### Supplied material
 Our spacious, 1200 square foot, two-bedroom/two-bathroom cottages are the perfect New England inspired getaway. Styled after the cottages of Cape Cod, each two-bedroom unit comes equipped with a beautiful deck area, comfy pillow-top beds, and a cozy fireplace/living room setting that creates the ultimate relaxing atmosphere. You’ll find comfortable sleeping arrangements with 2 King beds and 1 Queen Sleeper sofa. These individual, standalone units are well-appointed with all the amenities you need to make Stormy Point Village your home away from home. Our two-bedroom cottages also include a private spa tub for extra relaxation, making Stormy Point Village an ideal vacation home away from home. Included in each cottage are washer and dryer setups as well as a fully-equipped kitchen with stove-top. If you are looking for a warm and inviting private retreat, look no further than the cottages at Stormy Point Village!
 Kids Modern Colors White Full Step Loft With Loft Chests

* * *

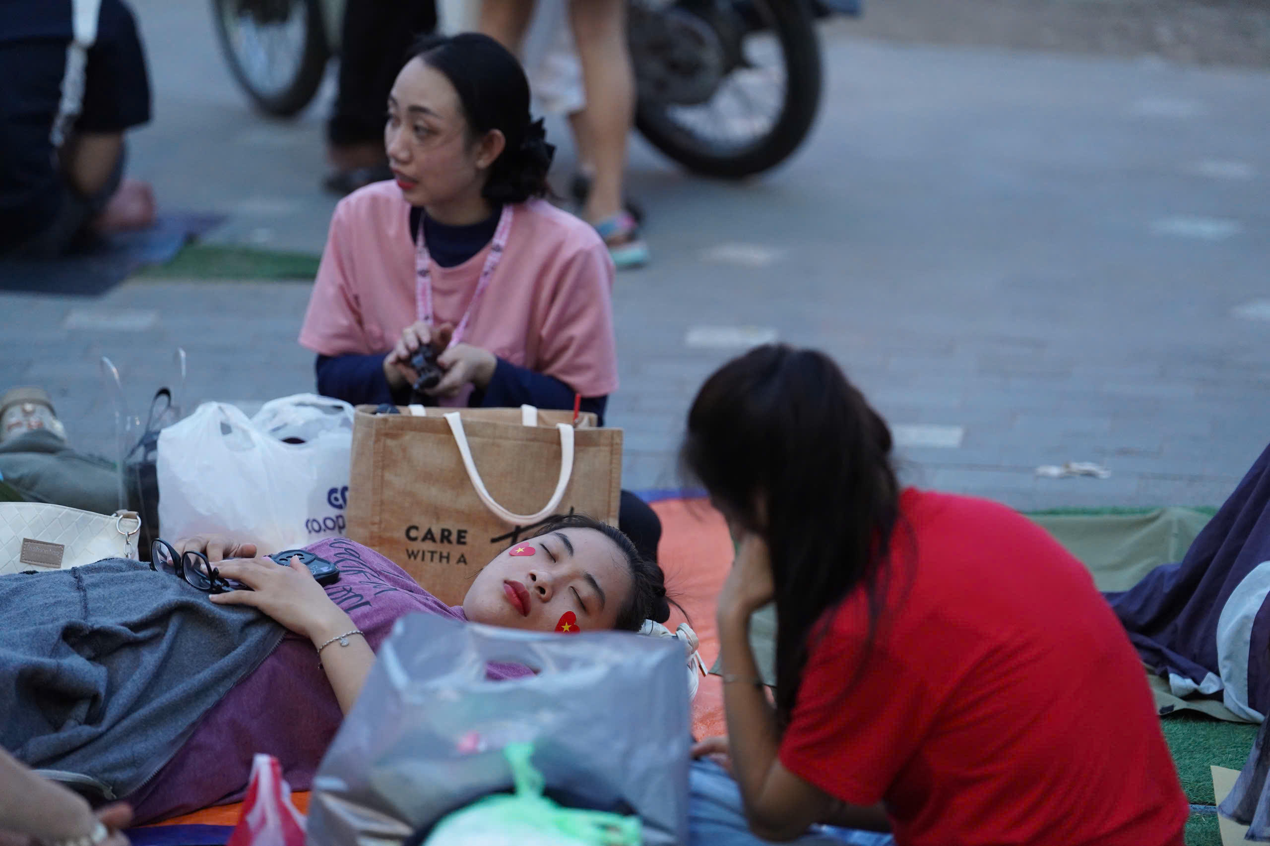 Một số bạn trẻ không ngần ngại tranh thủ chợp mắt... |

### Assigned task
Take the lines above from the one containing "Our spacious, 1200" down to the one containing "Kids Modern Colors", and transcribe them exactly, both ends included.

### Answer box
 Our spacious, 1200 square foot, two-bedroom/two-bathroom cottages are the perfect New England inspired getaway. Styled after the cottages of Cape Cod, each two-bedroom unit comes equipped with a beautiful deck area, comfy pillow-top beds, and a cozy fireplace/living room setting that creates the ultimate relaxing atmosphere. You’ll find comfortable sleeping arrangements with 2 King beds and 1 Queen Sleeper sofa. These individual, standalone units are well-appointed with all the amenities you need to make Stormy Point Village your home away from home. Our two-bedroom cottages also include a private spa tub for extra relaxation, making Stormy Point Village an ideal vacation home away from home. Included in each cottage are washer and dryer setups as well as a fully-equipped kitchen with stove-top. If you are looking for a warm and inviting private retreat, look no further than the cottages at Stormy Point Village!
 Kids Modern Colors White Full Step Loft With Loft Chests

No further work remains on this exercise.